● **DATA EXTRACT**
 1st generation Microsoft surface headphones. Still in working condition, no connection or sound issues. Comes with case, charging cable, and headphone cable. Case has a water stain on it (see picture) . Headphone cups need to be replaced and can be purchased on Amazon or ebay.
---
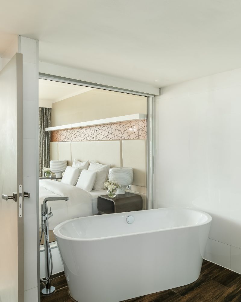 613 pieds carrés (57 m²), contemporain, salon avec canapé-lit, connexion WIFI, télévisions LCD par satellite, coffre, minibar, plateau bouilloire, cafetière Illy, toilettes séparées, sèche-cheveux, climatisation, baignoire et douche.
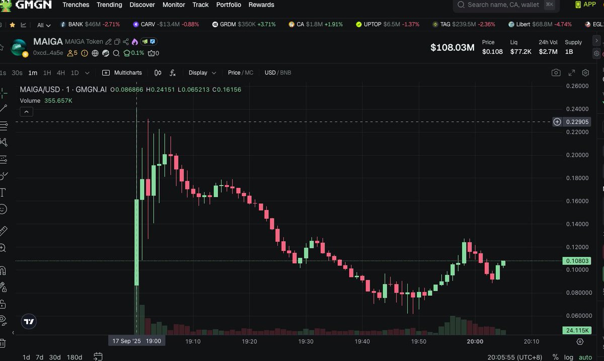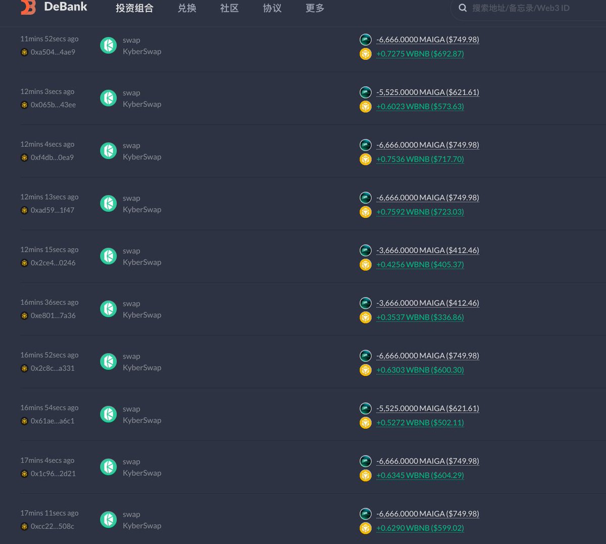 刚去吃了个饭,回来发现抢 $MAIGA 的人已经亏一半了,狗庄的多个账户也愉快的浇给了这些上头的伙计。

● **WORK TASK**
Set down exactly the lines above, from the line containing "613 pieds carrés" through the line containing "刚去吃了个饭,回来发现抢 $MAIGA 的人已经亏一半了,狗庄的多个账户也愉快的浇给了这些上头的伙计。". Skip the pictures.

● **EXPECTED ANSWER**
 613 pieds carrés (57 m²), contemporain, salon avec canapé-lit, connexion WIFI, télévisions LCD par satellite, coffre, minibar, plateau bouilloire, cafetière Illy, toilettes séparées, sèche-cheveux, climatisation, baignoire et douche.
 刚去吃了个饭,回来发现抢 $MAIGA 的人已经亏一半了,狗庄的多个账户也愉快的浇给了这些上头的伙计。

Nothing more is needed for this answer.